SUPPLIED INFORMATION:

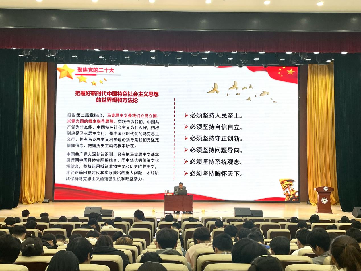 黄树桥详细介绍了党的二十大报告主要内容,系统梳理了党的十八大以来取得的辉煌成就,深入讲解了新时代新征程中国共产党的使命任务,重点解读了党的二十大报告中“实施科教兴国战略,强化现代化建设人才支撑”的内容,教育引导广大青年深入学习领会习近平新时代中国特色社会主义思想,立足当前,勤奋学习,勇于实践,将青春献给伟大的中国特色社会主义新时代。讲座中,他还结合近年来学校事业发展所取得的显著成就,介绍了学校“三步走”战略,并展示了学院近年来在人才培养、科学研究、文化传承创新和服务社会等方面取得的成就。他希望同学们在华夏盛世中更应知责奋进,肩负重任时更应顶压前行,在新时代努力做一个既敢于担当、胸怀大局,又脚踏实地、刻苦学习,更心怀感恩、懂奉献的优秀青年。
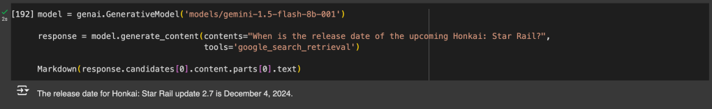 With this feature enabled, we thus can ask Gemini to get some real-time data from the Internet, as shown below.
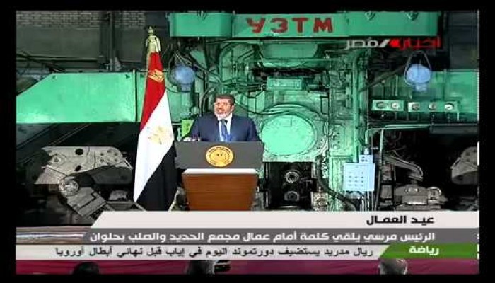 وتابع مرسي “نحن نمر الآن بالعبور الثالث، كما قلت سابقًا: العبور الأول كان في أكتوبر المجيد، والثاني في ثورة 25 يناير، والثالث هو عبور الإنتاج، اليوم نحتفل بالعمال وفي ذات الوقت أصحاب العمل أيضًا، ونحيي القطاع العام والخاص بكل ما فيه”، مشيرًا إلى زيارته لمجمع الحديد والصلب في حلوان الذي بدأت لبناته الأولى في القرن الماضي”.
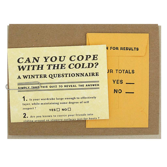 Send this funny winter questionnaire to someone near or far. Once complete, the recipient can open the tiny envelope on the front of the card to reveal their results. See second photo to read full questionnaire & results. Measures 4¼” x 5½”, comes with a kraft envelope & is blank inside.
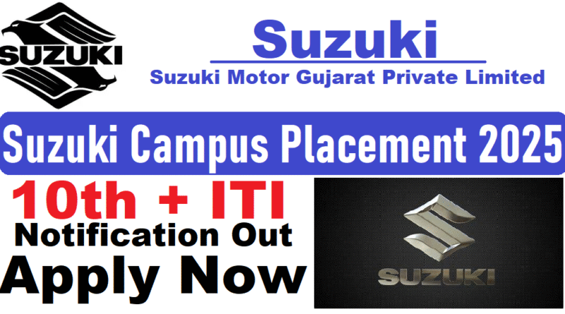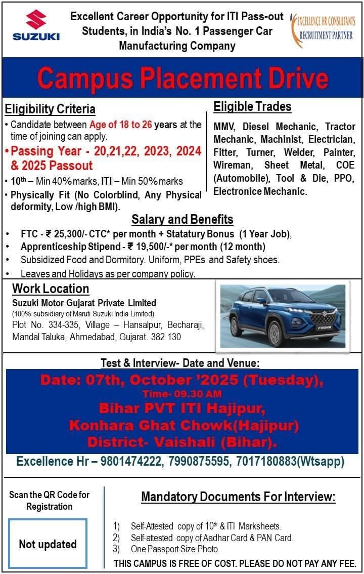 Suzuki Campus Placement 2025 : Suzuki Motor Gujarat Private Limited की ओर से Motor Mechanic, Diesel Mechanic, Tractor Mechanic, Machinist, Electrician, Fitter, Turner, Welder, Painter, Wireman, Sheet Metal, COE (Automobile), Electronic Mechanic, Tool & Die, PPO, Electronic Mechanic Posts पर Campus Placement निकली है जिसका Campus Date 07/10/2025 , सुबह 10:00 बजे है|ITI Pass in various candidates Offline Campus Placement में शामिल हो सकते हैI आपकी Campus Placement Location – Bihar PVT ITI Hajipur, Konhara Ghat Chowk (Hajipur) District- Vaishali (Bihar) रहने वाला हैI Maruti Suzuki Campus Placement 2025 Full Notification निचे दिया गया है |
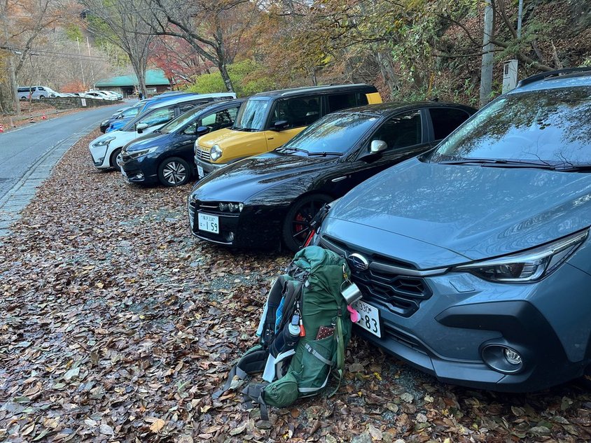 西丹沢VCには7時半少し前に着いたが、何とかVC手前右の駐車スペースに停めることができた。3台ほどの空きだった。紅葉は終わり?だがまだ檜洞や畦ヶ丸は登る人がいるんだな~、と感心。
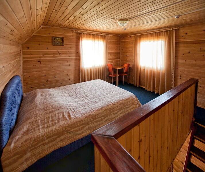 На первом этаже двухместный диван. На втором этаже две полутороспальные кровати, стол стулья, постельные принадлежности.
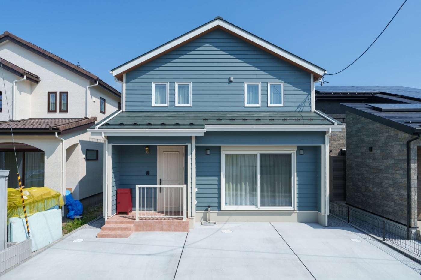 外壁はブラックに統一された重厚感のある仕上がりに。アクセントとして、軒天には木目を採用しました。屋根は南に片流れで、太陽光パネルを搭載しています。
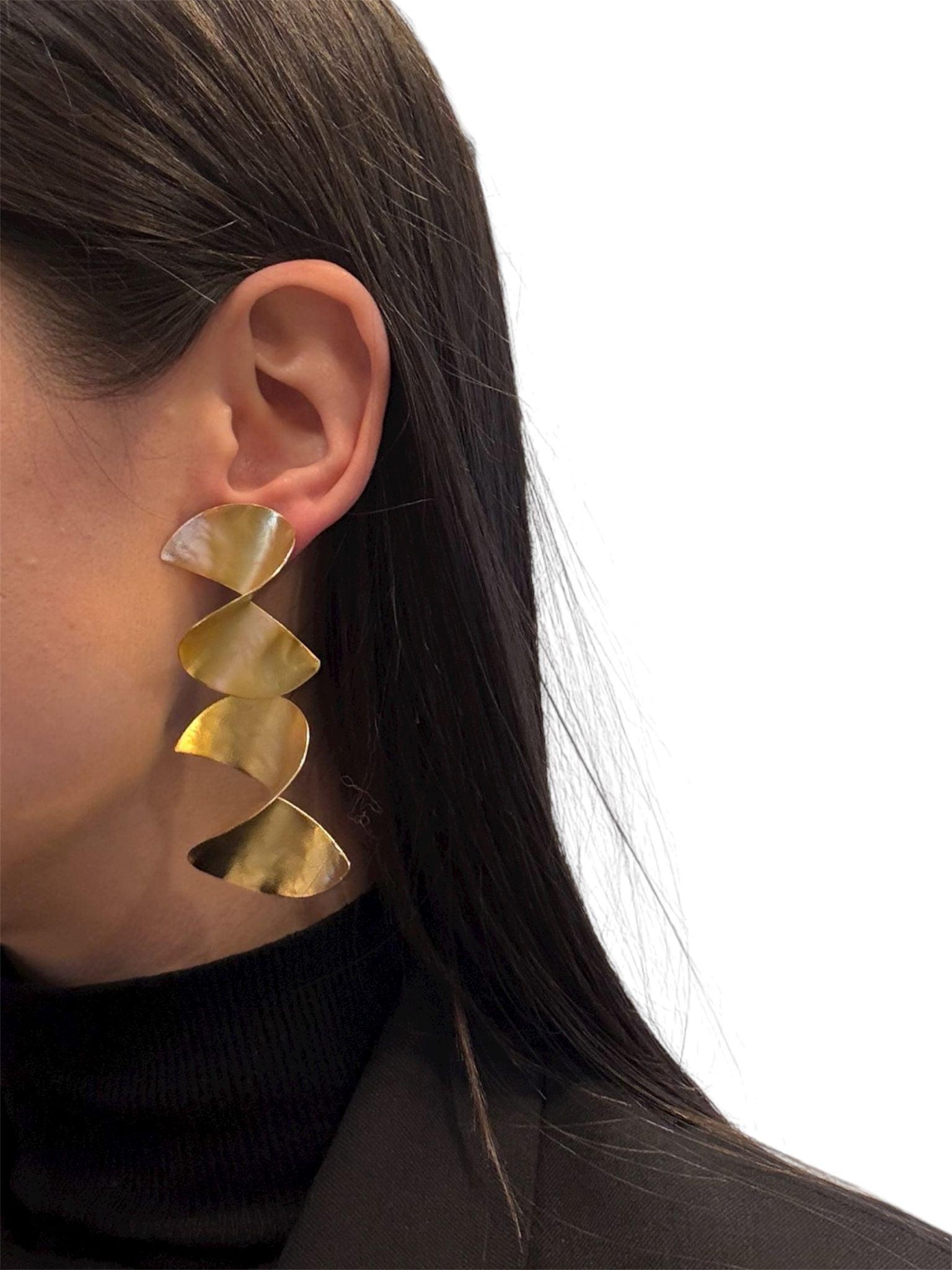 Pendientes largos de inspiración primitiva y orgánica, elaborados en latón con baño de oro de 18 quilates. Su diseño en forma de volúmenes curvos y martilleados crea un efecto escultórico que capta la luz y aporta movimiento al rostro.
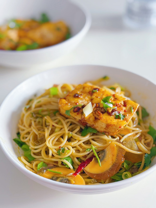 干碱面沸水下锅煮6分钟捞出、淋油拌均抖散备用
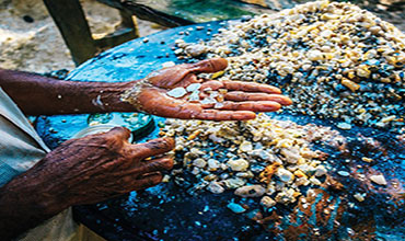 Meetiyagoda is just a couple of kilometres from the coast, midway between Ambalangoda and Hikkaduwa, sitting over the earth’s largest pegmatite vein of moonstone. The ten mines in Meetiyagoda are by far the world’s primary source of blue moonstones.

DESCRIPTION OF THE TASK: Make an exact copy of the records from their first line through the line containing "With this feature", both ends included, with the pictures omitted.

RESPONSE BOX:
 黄树桥详细介绍了党的二十大报告主要内容,系统梳理了党的十八大以来取得的辉煌成就,深入讲解了新时代新征程中国共产党的使命任务,重点解读了党的二十大报告中“实施科教兴国战略,强化现代化建设人才支撑”的内容,教育引导广大青年深入学习领会习近平新时代中国特色社会主义思想,立足当前,勤奋学习,勇于实践,将青春献给伟大的中国特色社会主义新时代。讲座中,他还结合近年来学校事业发展所取得的显著成就,介绍了学校“三步走”战略,并展示了学院近年来在人才培养、科学研究、文化传承创新和服务社会等方面取得的成就。他希望同学们在华夏盛世中更应知责奋进,肩负重任时更应顶压前行,在新时代努力做一个既敢于担当、胸怀大局,又脚踏实地、刻苦学习,更心怀感恩、懂奉献的优秀青年。
 With this feature enabled, we thus can ask Gemini to get some real-time data from the Internet, as shown below.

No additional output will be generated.